Para lograr todo esto Snyder siguió la misma receta que Nolan le aplicó a Batman, en lo que respecta al talento. Si recordamos cuando empezó su trilogía del caballero de la noche, Nolan escogió como titular a un Christian Bale respetado pero aún sin estatura de megaestrella, rodeándolo de un reparto de soporte increíble, con nombres de la talle de Gary Oldman, Morgan Freeman y Michael Caine.

En el caso de Superman, el estelar es un actor desconocido para el gran público, el inglés Henry Cavill. Por esto, como escuderos cuenta con estrellas más maduras al estilo de Russell Crowe; Kevin Costner, Diane Lane; Laurence Fishburne, y Christopher Meloni. Quien siento se queda un poco corta es Amy Adams en su papel de Luisa Laine.

Entre Crowe y Costner se sostiene buena parte de la película. Como los padres (biológico y adoptivo) de Superman, sus personajes irradian sabiduría, sentido común y un espíritu protector envidiable. Aún así, es con el buen Kevin –genial que esté recuperando su nivel– con el que se dan las mejores escenas, sea la de su muerte en el tornado o la muy entrañable en la que contempla a su hijo, aún niño, jugar con una capa amarrada al cuello.

En cuanto a Cavill, el traje le quedó a la perfección y su innegable belleza es un gancho fulminante para el público femenino (hacía rato no oía tantos buenos comentarios sobre la apariencia de un actor). El suyo es un retrato creíble de un ser increíble... y del que espero ver mucho más.

Si bien las metas en taquilla están más que cumplidas, Man of Steel gana en otro terreno: el de la credibilidad. Esta es la película que Warner Bros. y DC Cómics necesitaban con urgencia para ponérsele al corte a Marvel, para volver a competir.
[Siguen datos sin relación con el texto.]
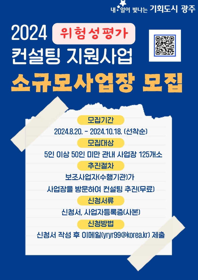 접수는 오는 10월 18일까지이며, 산업재해예방 컨설팅을 받고자 하는 사업자는 광주시 누리집(https://www.gwangju.go.kr/) ‘고시·공고’에서 위험성 평가 컨설팅 대상 사업장 모집 공고를 확인하면 된다.
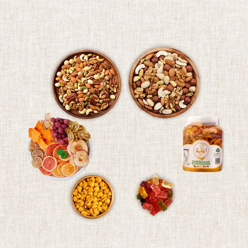 تشكيلة مختارة من أجود المكسرات وأفخر أنواع الياميش، مثالية للضيافة الخفيفة والهدايا الأنيقة.

No fue la trilogía de Batman la que dictó el tono de cómo será en adelante el universo cinematográfico de los Súper Amigos. No, ese trabajo le tocó a Superman y será en esa línea que se darán las llegadas al cine de la Mujer Maravilla, Flash, Aquaman y el regreso de Linterna Verde.

Superman dio el primer paso. Lo que viene será aún mejor. Vaya que sí.